Last week, the continuing and deepening classes that I teach worked on halasana (plow pose shown above). Folks were wondering why they could come into a deep forward bend, such as paschimotanasana, but not plow?
What's interesting is that even though the pose takes flexibility (seems pretty obvious), it also take strength (less obvious). Even simpler poses, such as janu sirsasana (head to knee pose shown below) take some strength.
Taking a look at plow, we can break it down by what is required to perform such an asana with integrity and benefit to the body and mind:
Flexibility is needed in the backs of the legs, neck, low back, chest (to keep from collapsing), shoulders, and gluts.
To get the lift and maintain this pose, there must be strength in the shoulders, back, and backs of the legs.
3. Risk Factors
Plow is a more challenging pose and not recommending when you're starting out. Be certain you are comfortable in shoulderstand before attempting plow. Physical risks to watch for are in the neck, shoulders, and low back.
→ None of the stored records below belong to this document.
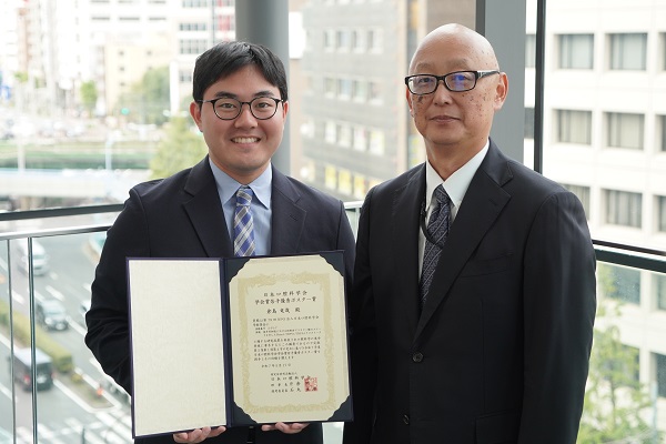 2025年5月15日(木)から17日(土)、キッセイ文化ホールおよびエア・ウォーターアリーナ松本(長野県)にて開催された第79回NPO法人日本口腔科学会学術集会において、生理学講座の倉島竜哉大学院生が若手優秀ポスター賞を受賞した。受賞演題は「象牙芽細胞における細胞内アラキドン酸カスケードを介したPiezo1-TRPV1/TRPA1クロストーク」であった。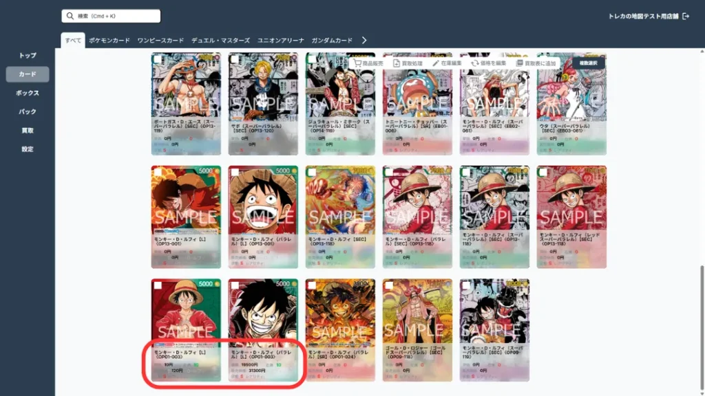 サイドメニューから、買取対象の種類(カード/ボックス/パック)を選択します。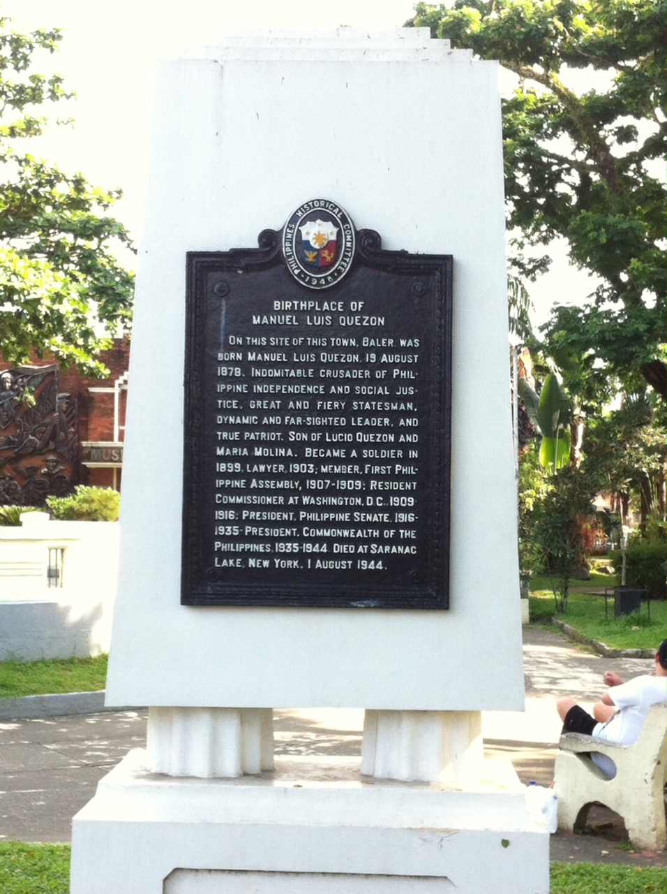 Previous Image Next Image Historical Marker, Birthplace of Manuel Quezon Manuel L. Quezon, Indomitable crusader of Philippine Independence Historical Marker, Birthplace of Manuel Quezon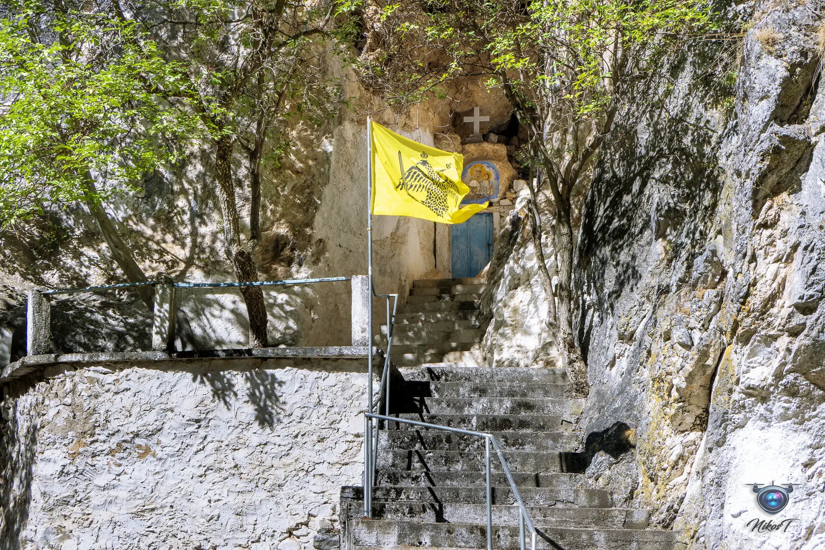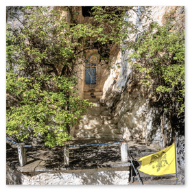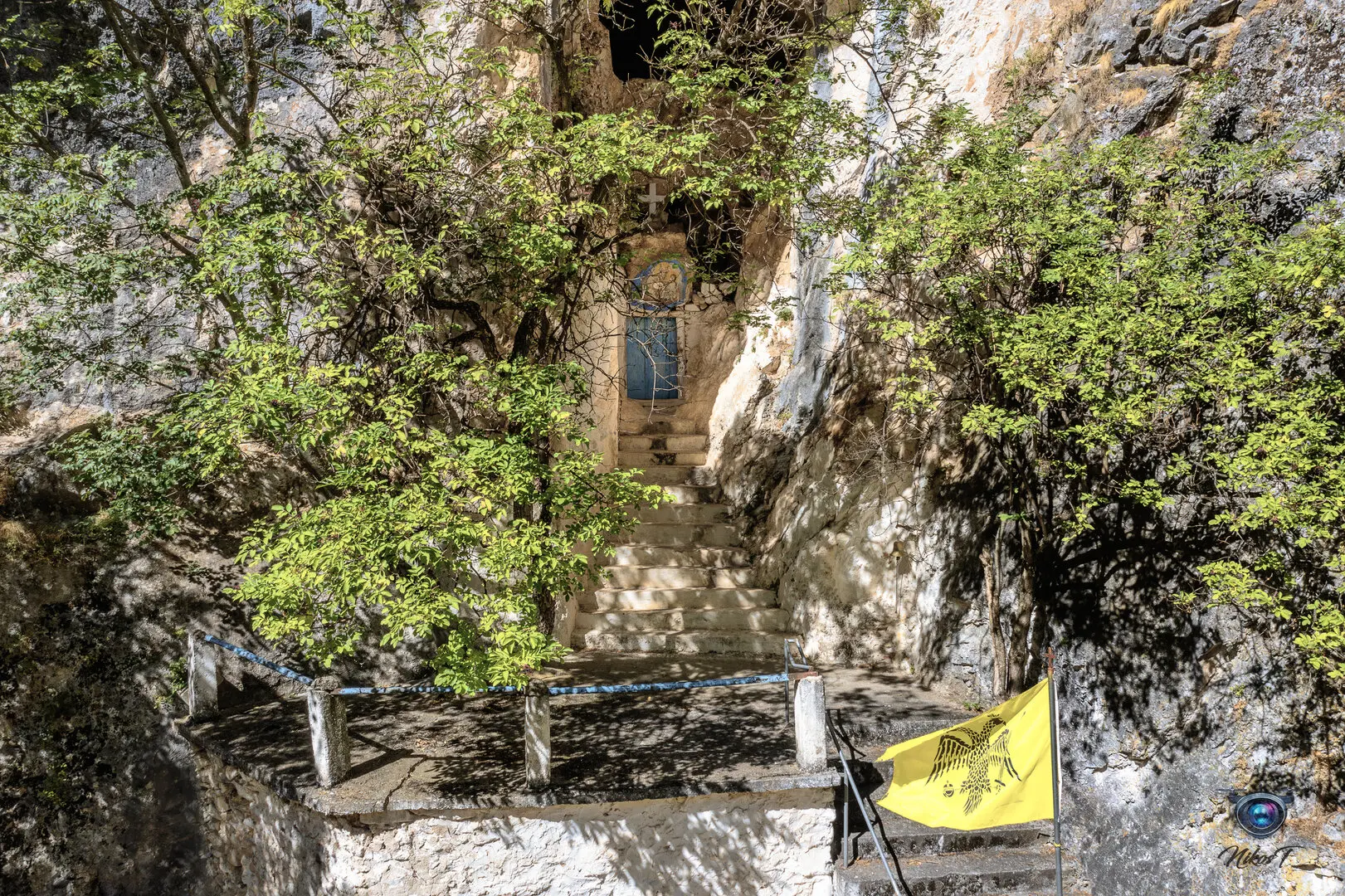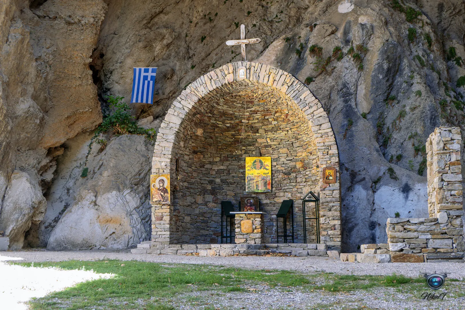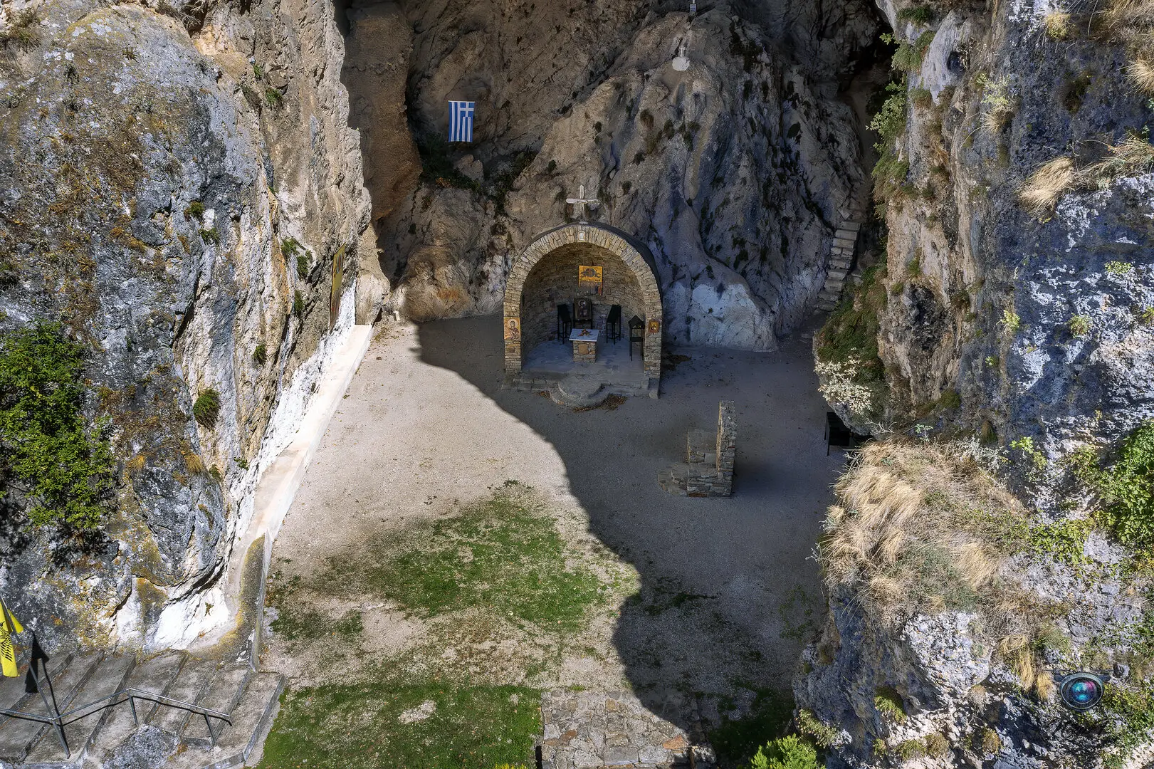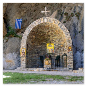 Το ξωκλήσι "φωλιάζει" στο βράχο, και πάνω από την

Knowing all of this, if you struggle with a posture, such as plow or janu sirsasana, break it down into where flexibility, strength, and risks for that pose lie. Then use simpler poses to determine where you can use more muscle building, lengthening, or integration. Also, based on past injuries or physical challenges you might face, some poses might do more harm than good; take a look at the risks.